BEGIN INFORMATION PROVIDED
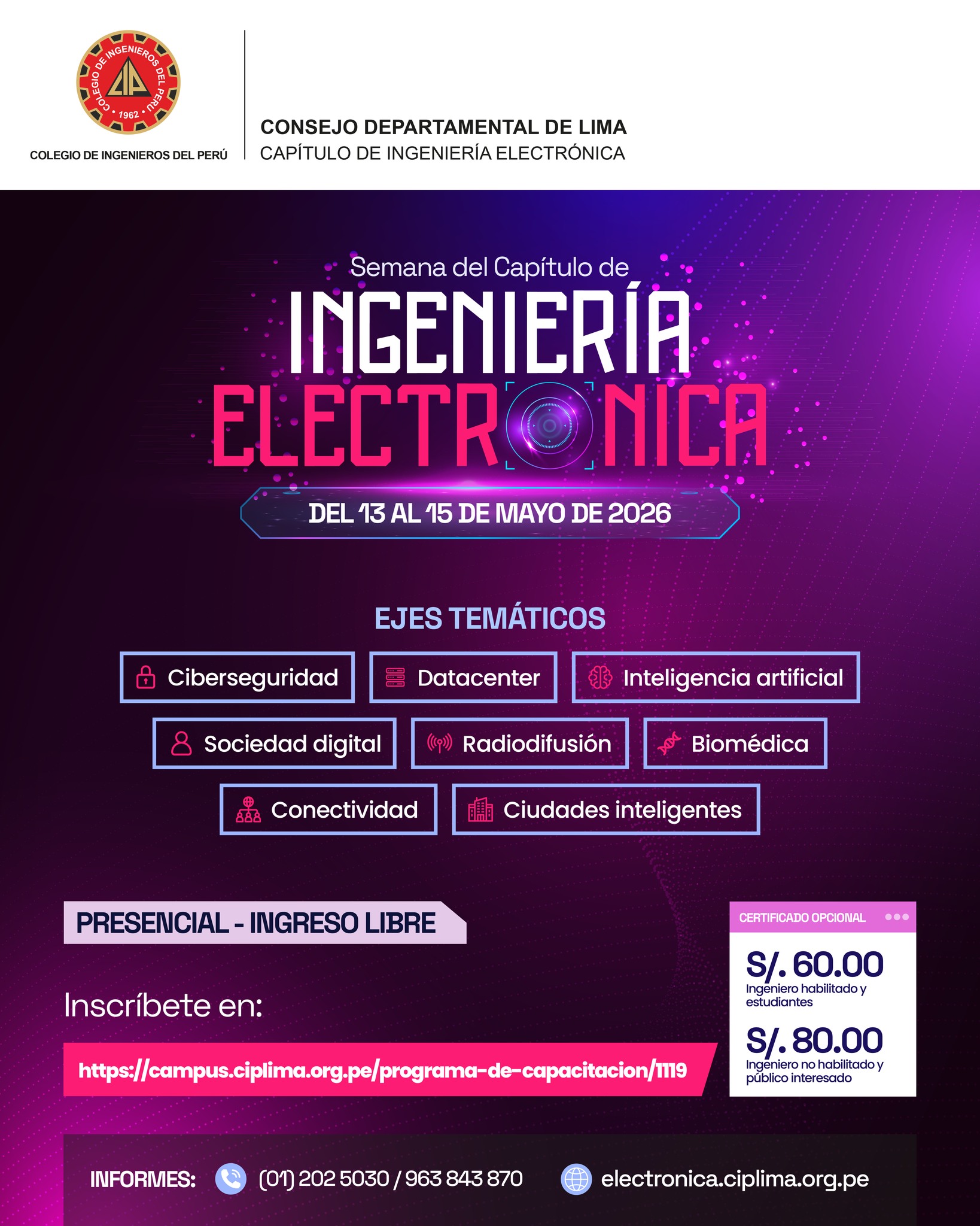 El Capítulo de Ingeniería Electrónica del CIP Lima te invita a ser parte de tres días de conocimiento, tendencias tecnológicas y networking con expertos del sector.
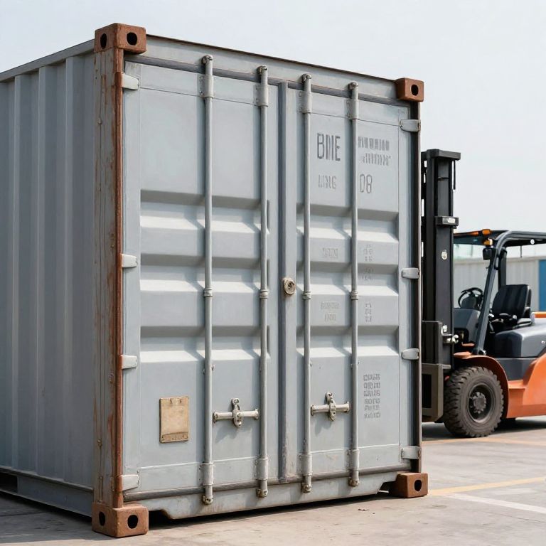 A close-up of a logistics industry shipping container with a detailed view of its metal surface, loading dock equipment, and a forklift in the background, highlighting the industrial aspect of the shipping containers.
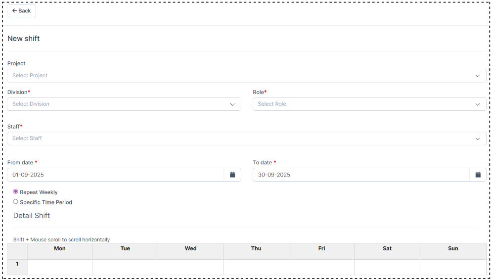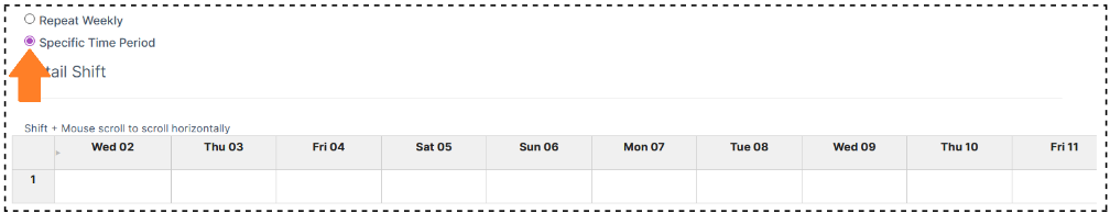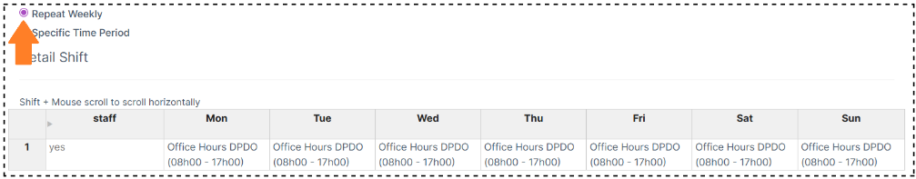 Pilih Repeat Weekly untuk membuat shift perminggu
END INFORMATION PROVIDED
_WORK TASK_
Exclude the images, then output the data above word for word.

_EXERCISE ANSWER_
 El Capítulo de Ingeniería Electrónica del CIP Lima te invita a ser parte de tres días de conocimiento, tendencias tecnológicas y networking con expertos del sector.
 A close-up of a logistics industry shipping container with a detailed view of its metal surface, loading dock equipment, and a forklift in the background, highlighting the industrial aspect of the shipping containers.
 Pilih Repeat Weekly untuk membuat shift perminggu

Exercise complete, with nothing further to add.